# EXERCISE REQUIREMENTS
Where the line containing "6. No matter" appears below, start there and repeat each line exactly to the end. Leave the pictures out.

# Items from a data source
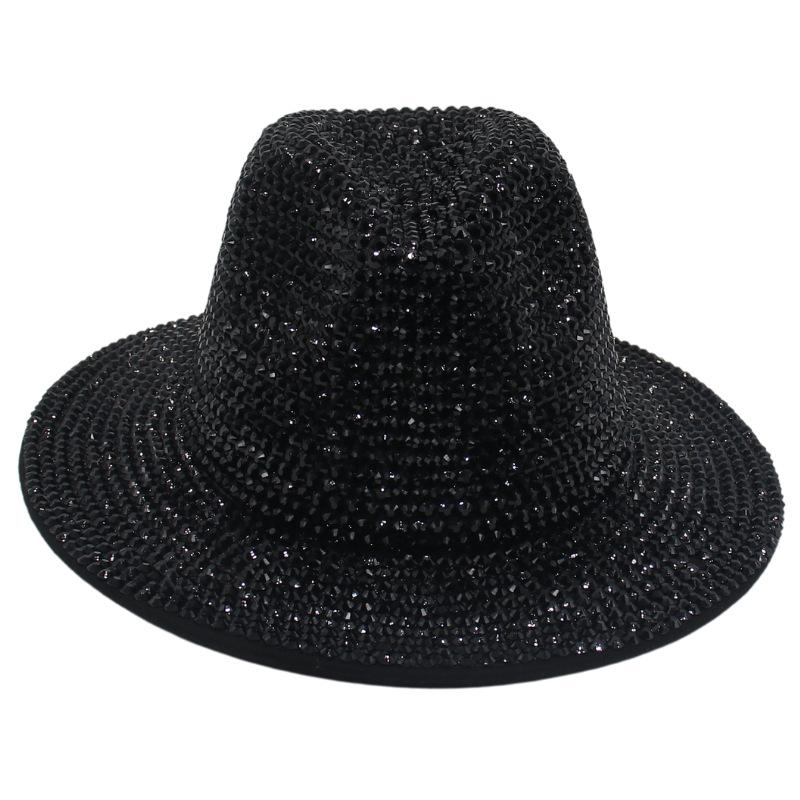 Cross-Border New Stage Performance Fashionable And Shiny Handmade Point Diamond British Retro Woolen Jazz Hat Felt Top Hat
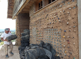 En 2009, a través de una ONG norteamericana conoció y trabajó la técnica del reciclaje. Desde entonces, con voluntarios que llegan de otros países han construido escuelas, salones, canchas deportivas, casas, estufas para economizar la leña, en varias comunidades del país.
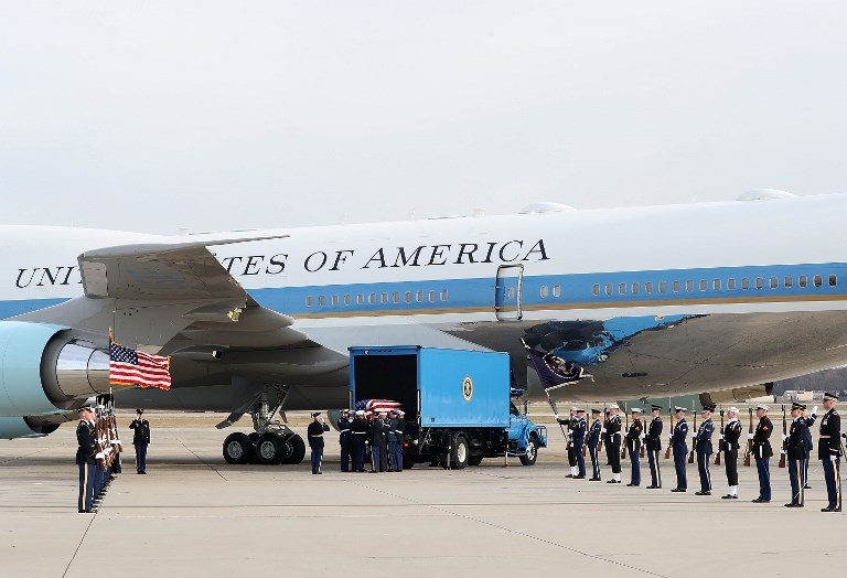 Linh cữu được đưa lên máy bay tại căn cứ Andrews ở Maryland. Ông sẽ được an táng tại khu đất của gia đình ở Thư viện và Bảo tàng Tổng thống George HW Bush trong khuôn viên Đại học Texas A&M ở College Station.
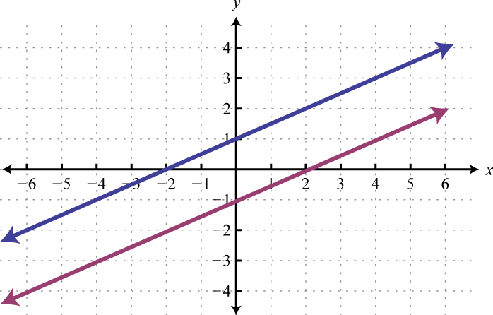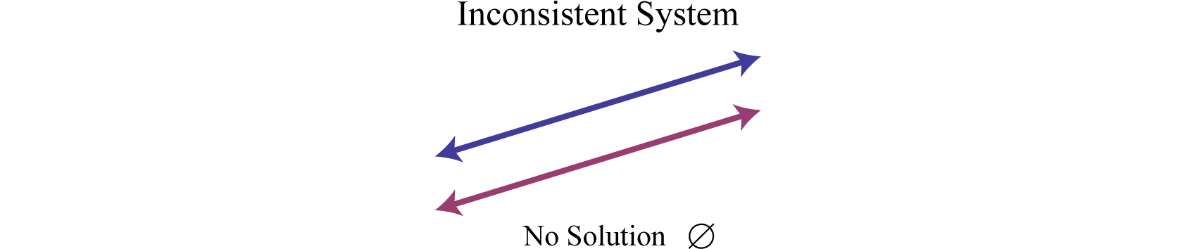 Sometimes the lines do not cross and there is no point of intersection. Such a system has no solution, Ø, and is called an inconsistent systemA system with no simultaneous solution..
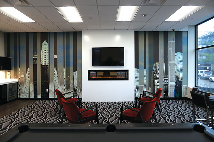 6. No matter where you are, skyline city views exude luxury. This mural is spectacular and bold; it works well in a recreation or entertainment room.
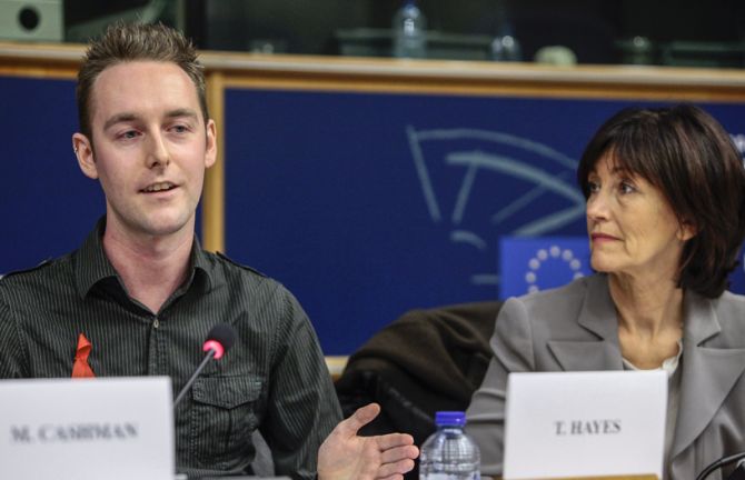 Tom Hayes, ukpositivelad blogger; and Laurette Onckelinx, Minister for Public Health, Belgium.

# SOLUTION FOR THIS EXERCISE
 6. No matter where you are, skyline city views exude luxury. This mural is spectacular and bold; it works well in a recreation or entertainment room.
 Tom Hayes, ukpositivelad blogger; and Laurette Onckelinx, Minister for Public Health, Belgium.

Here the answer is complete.